試験=Q=m×Δh、実務=空調機の能力選定で毎回使う
① コイル能力の選定
空調機の加熱・冷却コイルは、必要な負荷(Q=m×Δh)に余裕を見て能力を選定します。試験で学ぶ負荷計算が、そのまま機器選定の根拠になります。
② 顕熱・潜熱の分けて考える
実務では、加熱(顕熱)と加湿(潜熱)を分けて負荷を積み上げます。線図上で「水平移動=顕熱」「垂直移動=潜熱」と理解しておくと、負荷の内訳を正しく把握できます。
③ 送風量と負荷のバランス
同じ負荷でも、送風量を増やせばエンタルピー差は小さく、減らせば大きくなります。送風量と温度差のバランスは、ダクトサイズや搬送動力にも影響する設計判断です。

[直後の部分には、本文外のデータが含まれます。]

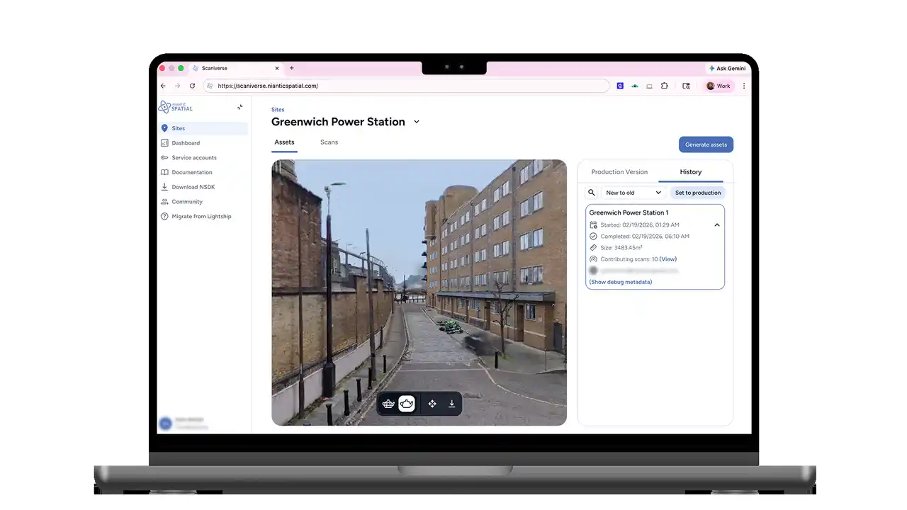 Scaniverse ビュアーでアセット処理とレビュー: メッシュ・スプラット・ロケーションマップを生成して、Niantic Spatial VPS を通してプレビュー。360°カメラからのデータの VPS 対応も近日公開予定です。 |
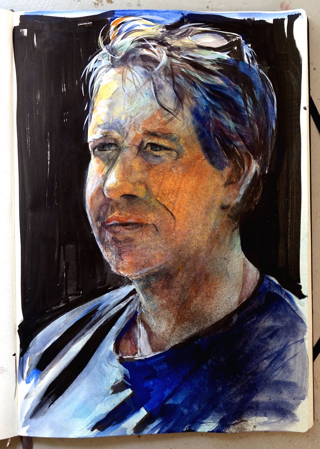 It was a perfect autumn day so we sat out on his back porch and caught up with each other's lives while I sketched. I brought my large Moleskine sketchbook (12"x16") which I knew would be ambitious for just an hour sketch. Well, the time flew by for me, as it so often does when I'm sketching/painting and before I knew it, my time was up. I didn't especially like the portrait I painted so I took a photo of Stephen with my phone with the plan that I would fix it back in the studio.
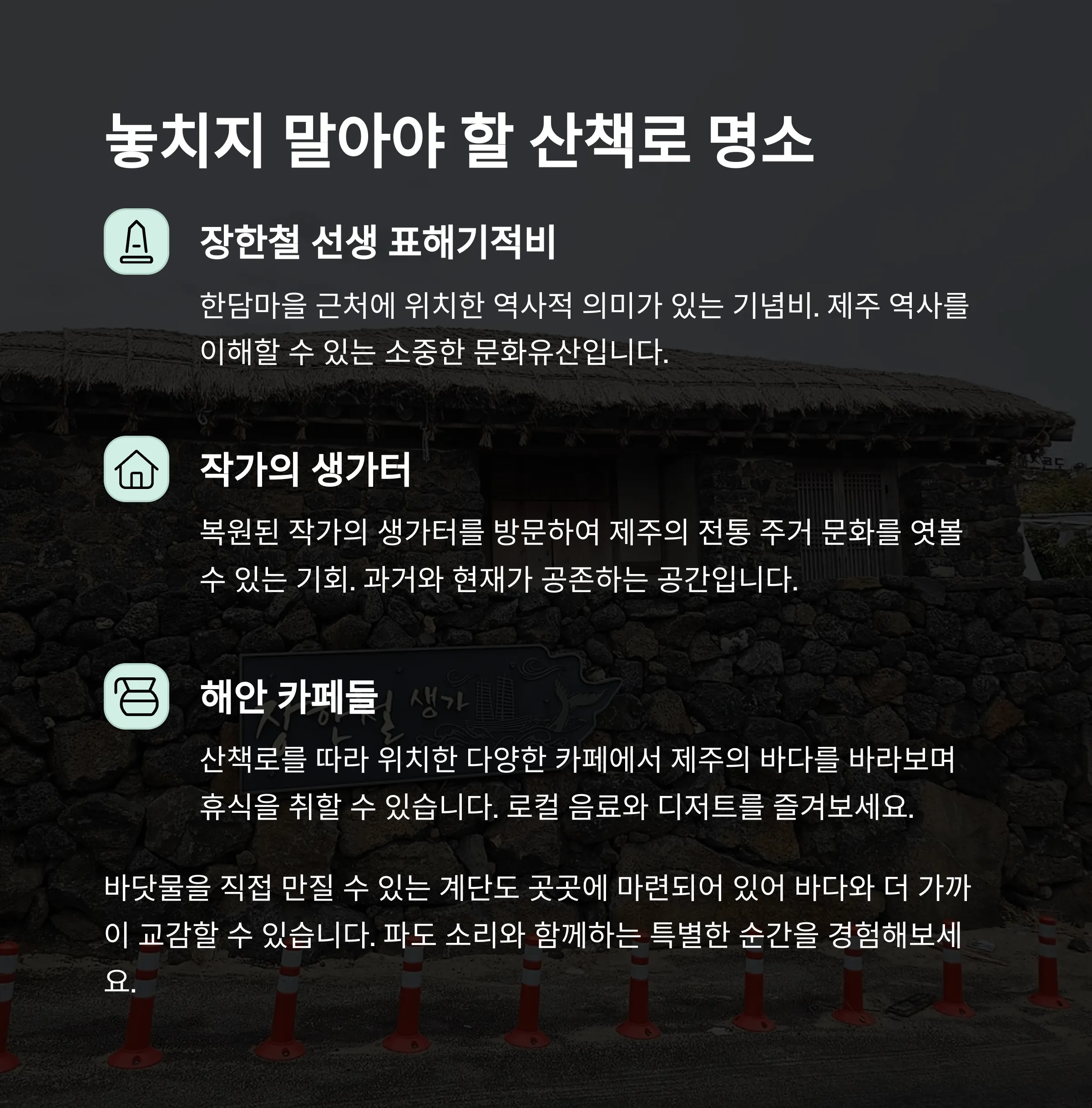 | 주요 명소 | 장한철 표해기적비, 애월 카페거리 해변 카페 |
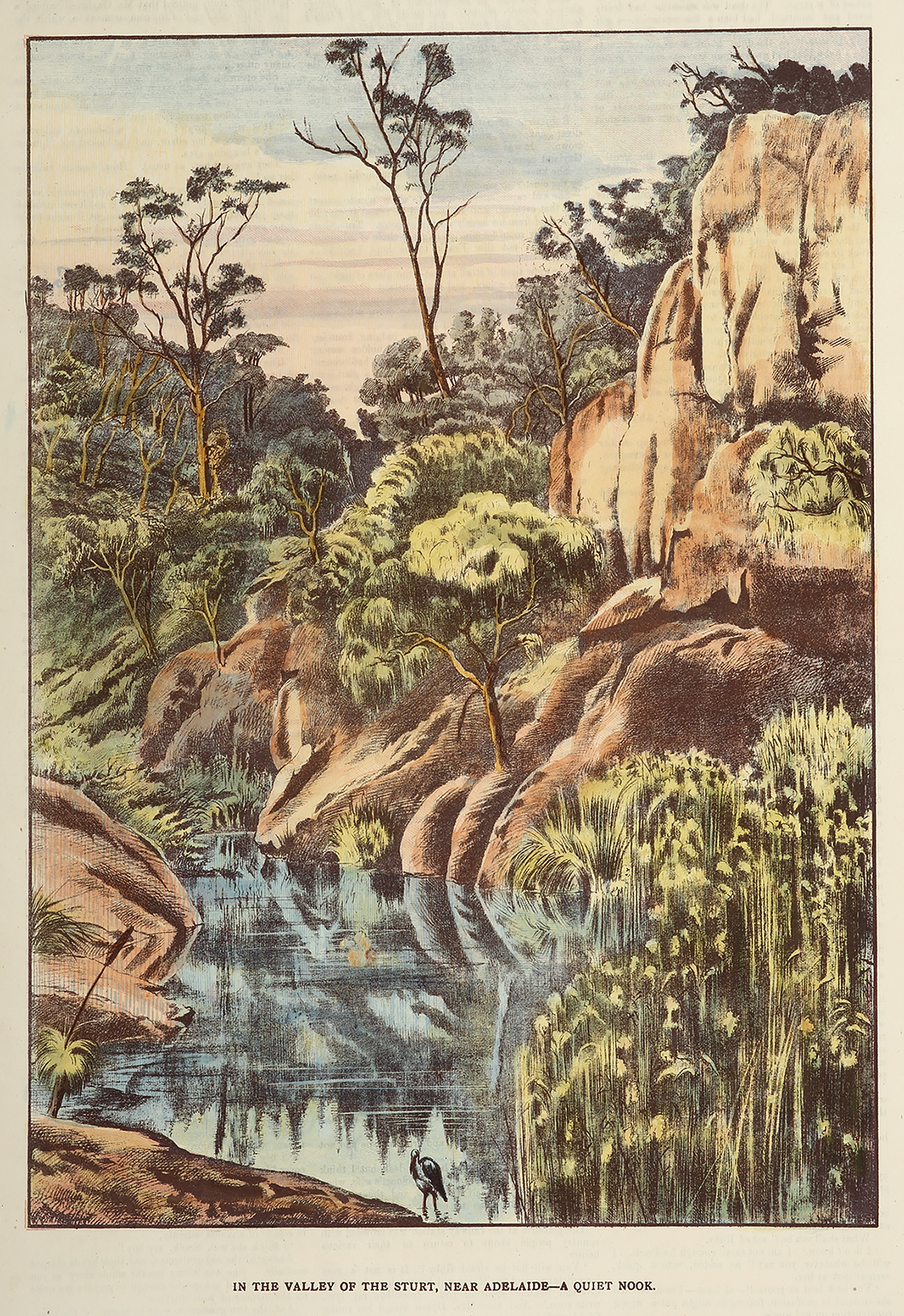 Very rare hand coloured c.19th lithograph of the Valley of the Sturt. From the original edition of Freason’s Monthly Illustrated Adelaide News. Collections: TROVE- Australian libraries, universities, museums, galleries and archives: ISSN 2205-3816
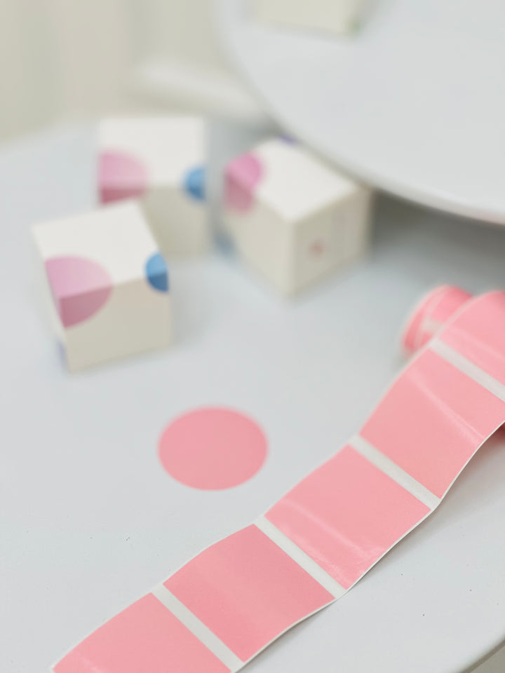 رول ليبل دائري بقياس مثالي 50×50 ملم، يأتي بلون وردي نقي ومناسب للطباعة الحرارية أو بطابعات الليبل. يتميز بسطح ناعم قابل للطباعة عليه بوضوح، سواء لطباعة اسم المشروع، الشعار، أو تعليمات صغيرة
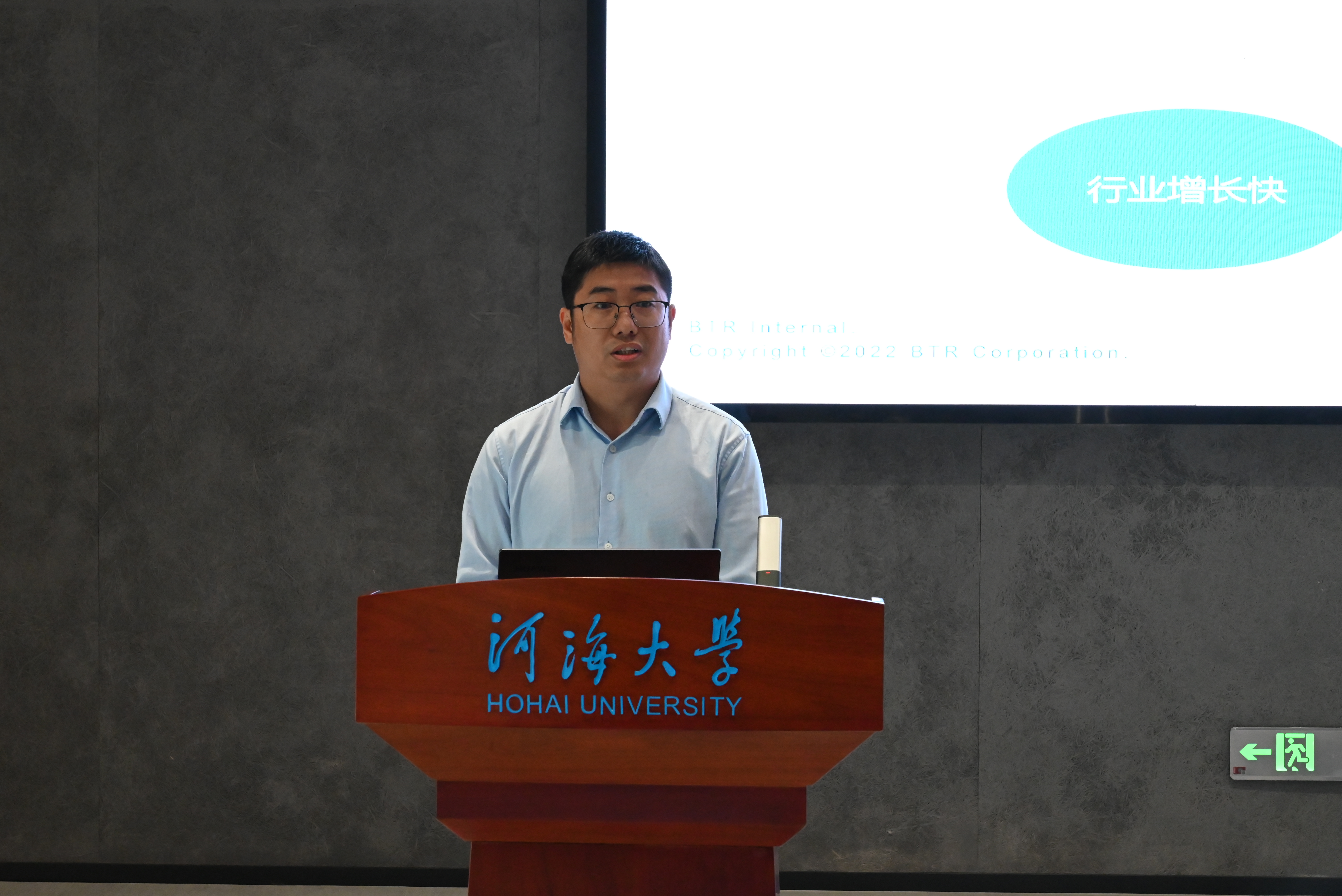 我校优秀校友贝特瑞(江苏)新能源材料有限公司财务总监张毅,以一个非技术人员视角向同学们介绍了新能源行业的现状与发展前景,并表达了对同学们的祝愿。
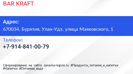 BAR KRAFT по адресу 670034, Бурятия, Улан-Удэ, улица Маяковского, 1 в дальнейшем Организация, размещена в следующих категориях:
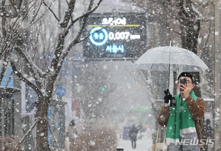 [서울=뉴시스] 김근수 기자 = 서울지역에 대설주의보가 내려진 30일 서울 종로구 세종대로 일대에서 한 시민이 휴대전화에 내리는 눈을 담고 있다. 2023.12.30. ks@newsis.com
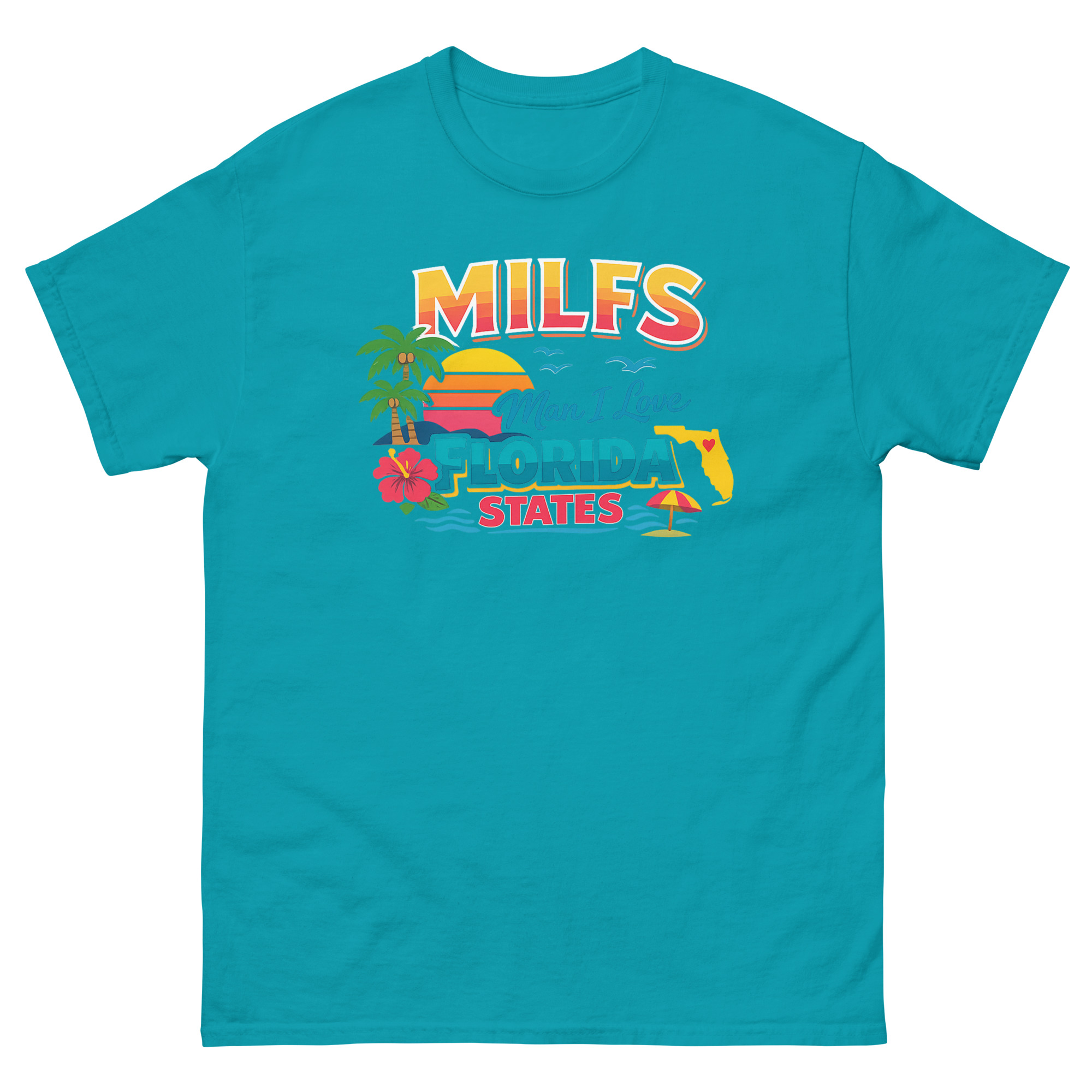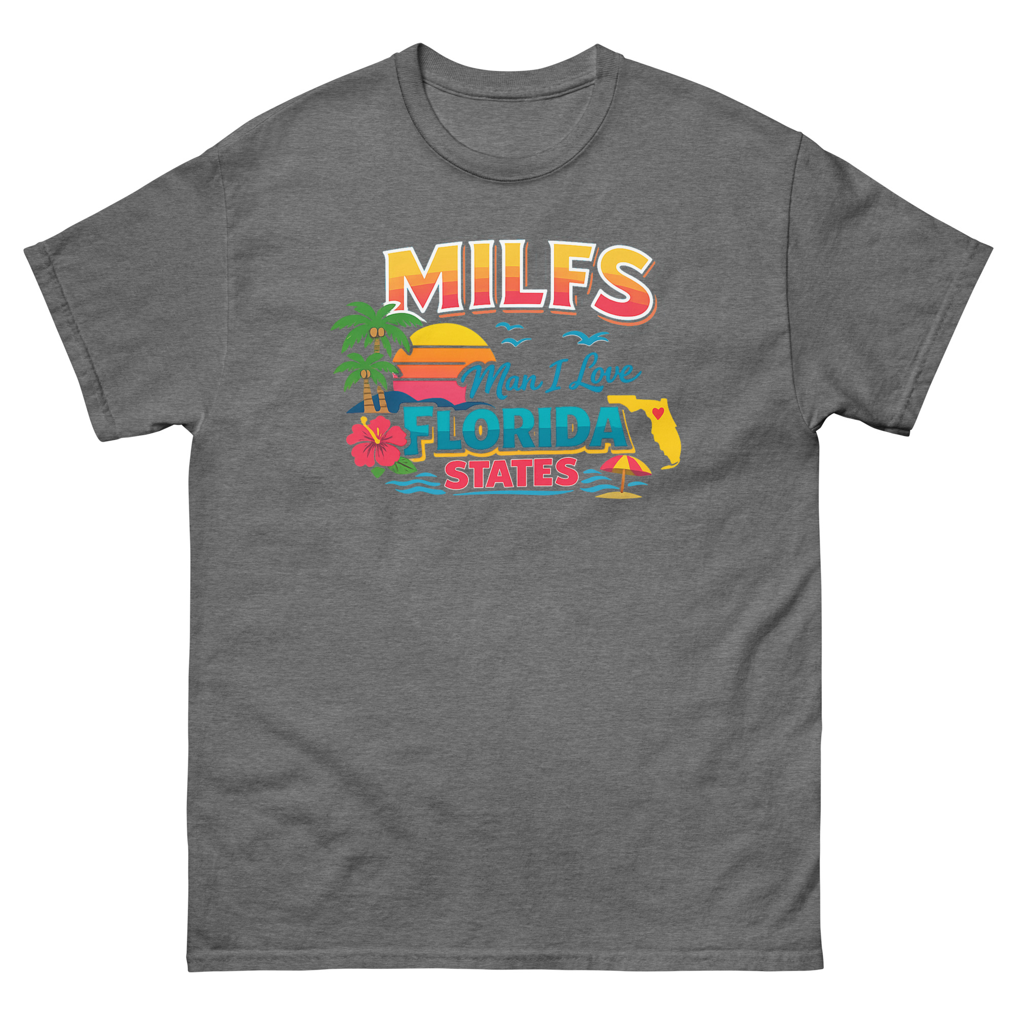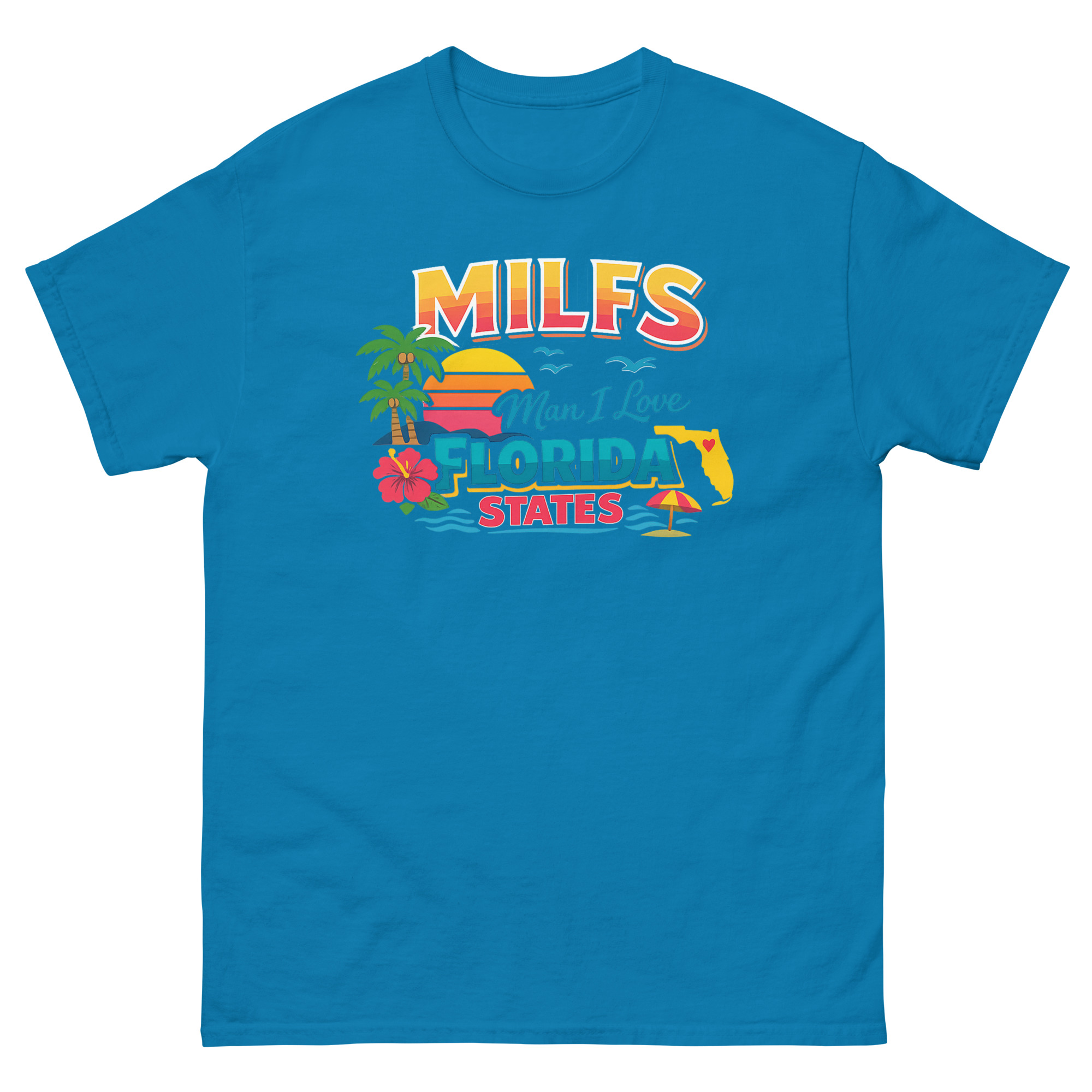 The MILFS Man I Love Florida States T Shirt is a vibrant, retro-styled tee that celebrates life in the Sunshine State with a humorous twist. Its unique design packs iconic Florida imagery, palm trees, a sunset, and a state map, into a bold, colorful graphic. This shirt is made for Florida residents, vacationers, and anyone who loves Gulf Coast vibes and a clever inside joke.

「Q=m×Δh」は冷却負荷でも全く同じ。1つの式で加熱も冷却も解けるので、確実にマスターしておきましょう。
まとめ|「質量流量×エンタルピー差」を覚えるだけ
- 正解は②(25,200 W)|m=6,000×1.2=7,200kg/h=2.0kg/s、Q=2.0×12.6=25.2kW
- 体積流量に密度を掛けて質量流量にするのが第一歩
- 加熱は絶対湿度一定の水平移動(顕熱)。線図でΔhを読む



負荷計算は線図の読み取りとセットで頻出。質量流量とエンタルピー差さえ押さえれば、得点源にできますよ。